E’ sancita la libertà d’organizzazione sindacale “a base democratica”, e il diritto di sciopero “nell’ambito delle leggi che lo regolano”: è riconosciuta la libertà dell’iniziativa economica privata, entro i limiti posti dai programmi e dai controlli affinché l’attività economica, pubblica e privata, possa essere indirizzata e coordinata a fini sociali e salvo l’espropriazione per motivi d’interesse generale. E’ riconosciuto, infine, il diritto dei lavoratori a collaborare alla gestione delle aziende, nonché al risparmio in tutte le sue forme: si profila così un nuovo principio organizzativo del “potere economico”.
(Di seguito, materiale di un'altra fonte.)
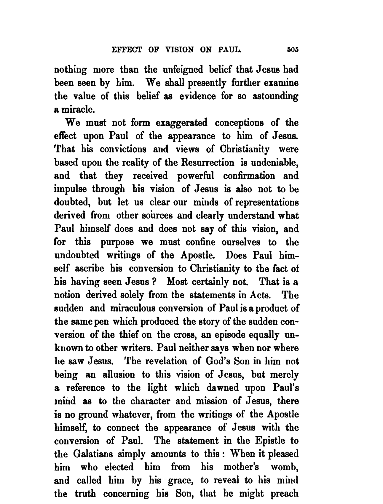 We must now proceed to show that the vision of Paul is satisfactorily explained by the same hypothesis.(2) We have already proved that there is no evidence of any value that Paul's conversion was due to his having seen Jesus in a manner which he believed to be objective and supernatural. To represent the arch persecutor Paul transformed in a moment, by a miraculous vision of Jesus, into the Apostle of the Gentiles was highly characteristic of the author of
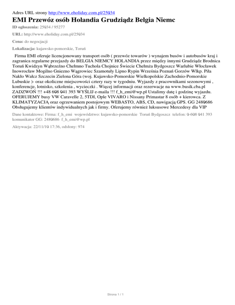 EMI Przewoz osob Holandia Grudziadz Belgia
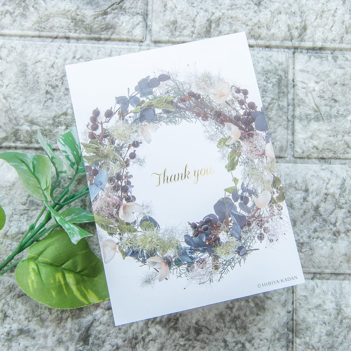 感謝の気持ちをフラワーリースで囲んだ、すてきなポストカードです。
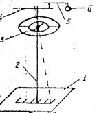 1-мира; 2-конденсор; 3-матовое стекло; 4-молочная лампочка; 5-точечная диафрагма; 6-коллиматор
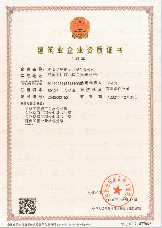 湖南泰華建設工程有限公司一家房屋建筑工程施工總承包貳級,水利水電工程施工總承包貳級,市政公用工程施工總承包貳級,鋼結構工程施工專業承包二級,消防設施工程專業承包貳級,建筑裝修裝飾工程專業承包貳級;公路工程施工總承包叁級,鋼結構、體育設施、環保工程、公路路面工程、公路路基工程專業承包叁級企業。…
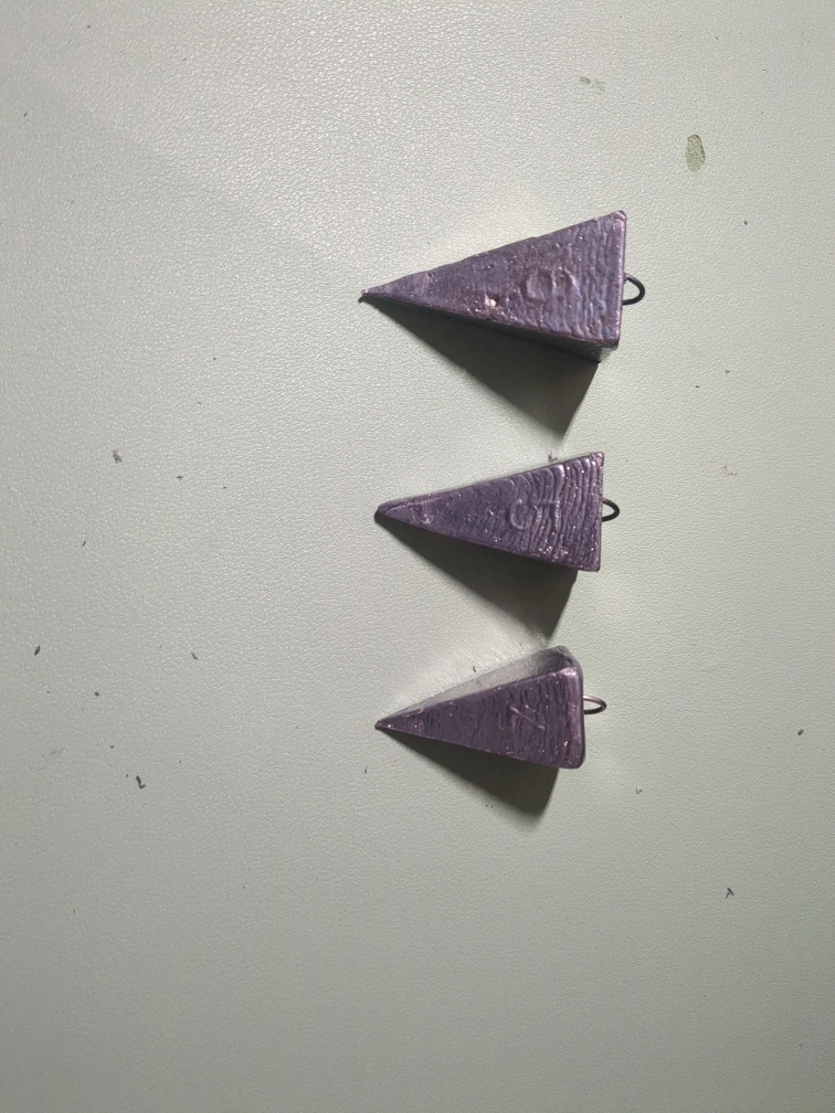 Three lead pyramid sinkers. Suitable for fishing. The image includes 4 oz, 5 oz, and 6 oz sinkers.

Per quanto riguarda i rapporti politici, è riconosciuto il diritto al voto (che è personale ed uguale, libero e segreto), quello di petizione, quello d’accesso agli uffici pubblici e alle cariche elettive. Fra i doveri, sono sanciti quelli della difesa della patria, quello tributario e quello di fedeltà alla repubblica, alla costituzione e alle leggi. D’importanza fondamentale, principale segno di un nuovo costituzionalismo, è l’articolo 49 il quale stabilisce: “Tutti i cittadini hanno il diritto di associarsi liberamente in parti per concorrere con metodo democratico a determinare la politica nazionale”.

Ciascun “gruppo di diritti ha riferimenti storico-ideologici così evidenti che si potrebbe datarli per cicli di maturazione.

Per quanto riguarda l’organizzazione dello Stato, la repubblica democratica è istituita in conformità ad un sistema di governo di tipo parlamentare con due camere, camera dei deputati e senato della repubblica, che costituiscono, insieme il parlamento e da cui promana, mediante il rapporto di fiducia, il governo. L’art. 94 della Costituzione stabilisce una procedura particolare sia per la concessione della fiducia sia per la votazione di una mozione di sfiducia.
Anche al presidente del consiglio la Costituzione attribuisce specifici poteri di direzione della politica generale del governo: è prevista un’corretta legge sull’ordinamento della presidenza del consiglio e sull’organizzazione, il numero e le  attribuzioni dei ministri. Coordinatore di tutti i “poteri” dello Stato è il presidente della repubblica le cui attribuzioni non sono esclusivamente formali: con l’artico 88 della Costituzione, gli è conferito il potere di sciogliere le camere, che lo rende arbitro, in situazioni d’emergenza, del ricambio istituzionale.

Alla magistratura la Costituzione conferisce un ordinamento indipendente in base al principio fondamentale che i giudici sono soggetti soltanto alla legge.

Per finire, la Costituzione, come espressione del potere costituente, rappresentava (e spero rappresenterà per molti anni ancora) anzitutto la prima esperienza nazionale unitaria di fondazione popolare del nostro Stato e perciò l’inizio di un’epoca nuova: chi aveva vissuto l’esperienza dell’8 settembre del ’43, l’esperienza cioè del crollo dello Stato, quel senso di debolezza e di solitudine che si era potuto tramutare soltanto dopo nella volontà di resistere, sentiva come non fosse minimamente retorico collegare a quel documento le speranze di tutto un popolo. Cosa che i veri democratici, devono fare ancora oggi, domani e sempre.